Папа хотел, чтобы я стал инженером. Он понимал инженерствование как службу в каком-то управлении воображалась фуражка, и говорилось: как господин Ковалевский.
В доме не было ни одной вещи своеобразного значения. Не было ничего такого, на основании чего можно было бы определить, что хозяин, скажем, идиот, или фантазер, или скряга. Ничего нельзя было определить.
Хозяин был картежник. Папа считался несчастным человеком. 'Все сделали карты'.
Клубное существование папы оставалось для нас неизвестным. Может быть, он покрывался испариной, когда проигрывал; может быть, рассказывал анекдоты, чтобы привести в хорошее расположение тех, у кого предполагал занять три рубля; может быть, разговаривая с ним, иные многозначительно переглядывались.
Домашнее существование его складывалось так: он, проснувшись, получал в постель чай и хлеб с маслом, потом опять засыпал, спал, положив на грудь кулаки; он выходил к обеду одетый, в манжетах с золотыми запонкам и, он был добр, мягок; волосы у него на висках были мокрые после причесывания.
- Блерио перелетел через Ламанш, - сказал я.
Мое сообщение было рассчитано на подготовленного слушателя. Тетя не знала, что такое Ламанш.
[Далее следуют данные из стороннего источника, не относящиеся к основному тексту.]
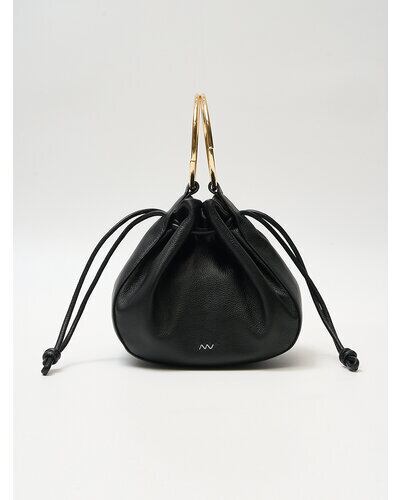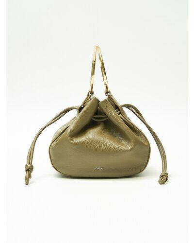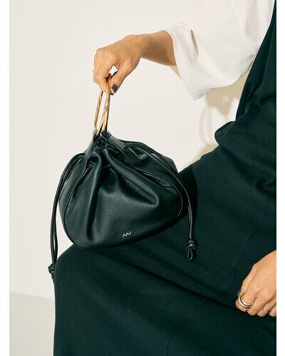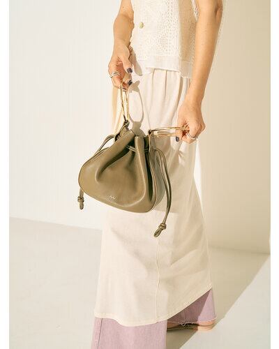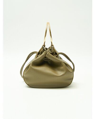 大きなゴールドのリングハンドルがポイントの巾着型バッグです。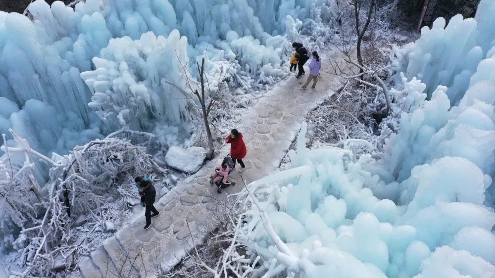 此時的新鄉(xiāng)南太行被冰雪覆蓋,時而有晶瑩剔透的冰掛圍繞,時而有驚艷朋友圈的霧凇美景。

Кто такой Блерио и почему он должен был перелететь. через Ламанш, - это не интересовало никого.
Главное: существовало у взрослых убеждение в том, что дети ничего серьезного, верней, ничего такого, чего нельзя было отвергнуть или опровергнуть, сказать не могут. Все, что говорили дети, относилось к области ерунды.
Мало того: подозревалось также, что в детских разговорах, мыслях, желаниях всегда заключено неприличное.
Родителей тревожило постоянное опасение: не происходит ли в моем сознании беспорядка, имеющего сексуальный смысл. Не держу ли я руки под одеялом. 'Он, наверно, держит руки под одеялом'.
Они переглядывались, и я видел, именно эта тревога выражается в их взглядах.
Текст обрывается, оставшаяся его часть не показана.